Demokratik İşçi Dernekleri Federasyonu (DİDF) 18 Haziran Cumartesi günü Ruhr bölgesinin önemli kentlerinden biri olan Essen’de Türkiye’den Almanya’ya göçün 50. yılı dolayısıyla Emek Şenliği düzenledi. Türkiyeli ve Alman sanatçılar ve konuşmacıların katıldığı şenlikte, “Birlikte güçlüyüz” ve “Emekçilerin uluslararası dayanışması” şiarları öne çıktı.
Almanya’nın değişik kentlerinden gelen 8 binden fazla kişinin Essen Grugahalle’de katılığı etkinlikte konuşan DİDF Genel Başkanı Hüseyin Avgan, Almanya’ya göçün ilk yıllarında büyük acılar çekildiğini, özlemler duyulduğunu ifade ederek, “Ama aradan geçen zaman içinde hem bu ülke değişti hem de biz değiştik. Bir süre kalıp dönmek için geldiğimiz bu ülkenin parçası haline geldik. Ne ırkçı-ayrımcı yasalar, ne de din ve etnik kimlikler üzerinden kışkırtmalar hayatın akışını değiştirdi. Bir çok sıkıntıya rağmen aynı işi, aynı okulu, aynı kaderi paylaştığımız Alman emekçileriyle kardeşlik adına, sınıfın birliği için önemli adımlar attık” dedi.
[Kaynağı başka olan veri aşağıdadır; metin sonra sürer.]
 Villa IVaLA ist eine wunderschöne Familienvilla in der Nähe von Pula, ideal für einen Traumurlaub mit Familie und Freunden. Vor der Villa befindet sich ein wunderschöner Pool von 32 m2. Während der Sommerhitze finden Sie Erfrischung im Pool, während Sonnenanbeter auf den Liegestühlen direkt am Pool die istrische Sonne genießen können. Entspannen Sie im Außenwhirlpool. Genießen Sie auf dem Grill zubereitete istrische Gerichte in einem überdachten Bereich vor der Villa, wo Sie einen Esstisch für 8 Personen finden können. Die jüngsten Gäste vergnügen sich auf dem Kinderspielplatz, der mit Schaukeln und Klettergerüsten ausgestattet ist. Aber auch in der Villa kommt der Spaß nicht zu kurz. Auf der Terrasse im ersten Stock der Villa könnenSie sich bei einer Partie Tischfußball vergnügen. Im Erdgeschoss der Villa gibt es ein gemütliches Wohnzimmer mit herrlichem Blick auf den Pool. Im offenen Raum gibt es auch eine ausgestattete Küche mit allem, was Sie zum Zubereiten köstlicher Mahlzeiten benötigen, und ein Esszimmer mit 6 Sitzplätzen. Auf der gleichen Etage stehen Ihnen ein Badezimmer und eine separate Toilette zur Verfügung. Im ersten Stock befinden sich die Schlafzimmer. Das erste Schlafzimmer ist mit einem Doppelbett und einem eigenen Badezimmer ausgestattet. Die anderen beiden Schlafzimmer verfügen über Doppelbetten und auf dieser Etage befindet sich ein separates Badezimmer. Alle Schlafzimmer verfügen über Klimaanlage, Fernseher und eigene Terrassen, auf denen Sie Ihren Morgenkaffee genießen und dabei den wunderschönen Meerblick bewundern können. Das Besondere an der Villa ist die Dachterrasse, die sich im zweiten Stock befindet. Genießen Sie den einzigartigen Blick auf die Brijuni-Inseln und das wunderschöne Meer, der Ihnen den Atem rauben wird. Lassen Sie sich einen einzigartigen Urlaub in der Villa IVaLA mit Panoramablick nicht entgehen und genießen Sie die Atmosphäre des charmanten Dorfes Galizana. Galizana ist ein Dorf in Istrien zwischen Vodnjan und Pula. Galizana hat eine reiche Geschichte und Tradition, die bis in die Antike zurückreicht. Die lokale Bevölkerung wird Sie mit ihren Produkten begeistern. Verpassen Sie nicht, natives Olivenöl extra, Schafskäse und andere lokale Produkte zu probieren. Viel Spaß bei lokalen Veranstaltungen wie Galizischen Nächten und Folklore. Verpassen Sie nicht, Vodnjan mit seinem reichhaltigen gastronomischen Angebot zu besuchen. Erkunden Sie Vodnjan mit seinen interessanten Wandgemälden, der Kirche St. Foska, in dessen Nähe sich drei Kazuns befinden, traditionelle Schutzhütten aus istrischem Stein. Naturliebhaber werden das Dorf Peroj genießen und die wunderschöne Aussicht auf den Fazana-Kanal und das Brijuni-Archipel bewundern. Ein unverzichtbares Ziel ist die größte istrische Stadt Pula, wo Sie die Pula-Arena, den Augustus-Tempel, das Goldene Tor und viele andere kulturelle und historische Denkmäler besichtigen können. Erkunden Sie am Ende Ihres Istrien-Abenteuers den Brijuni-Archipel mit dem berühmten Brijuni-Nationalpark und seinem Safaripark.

Avgan, DİDF’in yıllardır Türkiye kökenli işçi ve emekçilerle Alman emekçileri arasında her türden haksızlığa ve ayrımcılığa karşı ortak mücadele yaratmaya çalıştığını ifade ederek, etkinliğe katılan bütün emekçileri bu çabaya destek vermeye, DİDF’e bağlı bölge derneklerine üye olmaya, örgütlenmeye çağırdı.
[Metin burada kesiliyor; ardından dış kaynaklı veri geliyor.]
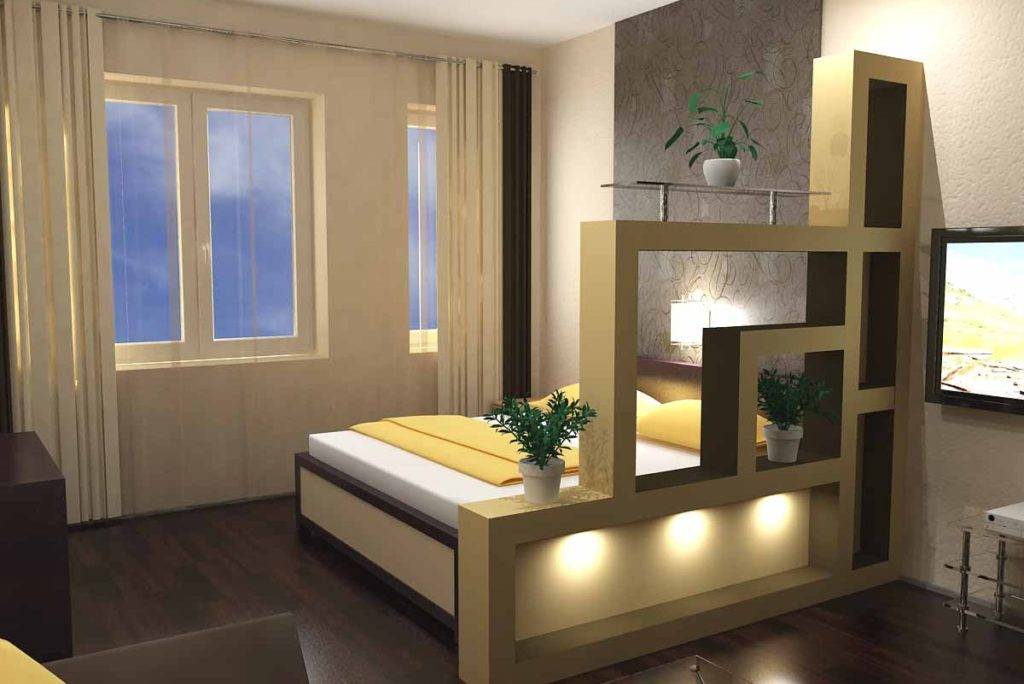 Очень часто, чтобы расширить полезную площадь, применяют способ объединения спальни с другими комнатами, например, гостиной. При этом спальное место будет отгорожено от остального пространства балдахином, занавеской, ширмой, перегородкой.

Almanya’nın en büyük sendikası Birleşik Hizmet Sendikası (Ver.di) Genel Başkanı Frank Bsirske de yapığı konuşmada, DİDF’in Türkiyeli işçilerin sorunlarını sosyal temelde savunan bir örgüt olduğunu yıllardan beri yakından takip ettiklerini ifade ederek, göçmenlerin sendikalar içerisinde daha etkili bir şekilde temsil edilmesi gerektiğini dile getirdi. Bsirske, ayrıca sendikaların göçmenlerin en temel hakları olan seçme seçilme, çifte vatandaşlık gibi temel haklarına daha etkili bir şekilde sahip çıkması gerektiğini sözlerine ekledi.
Almanya Kültür Konseyi Başkanı Max Fuchs, Sol Parti Kuzey Ren Vestfalya Parlamentosu Grup Başkanı Wolfgang Zimmermann, DİDF üyesi Federal Parlamento Milletvekili Sevim Dağdelen ve DİDF Gençlik temsilcisi Yusuf As da şenlikte yaptıkları konuşmalarda ayrımcılığa ve ırkçılığa karşı halkların kardeşliği ve dostluğunun güçlendirilmesi çağrısında bulundular.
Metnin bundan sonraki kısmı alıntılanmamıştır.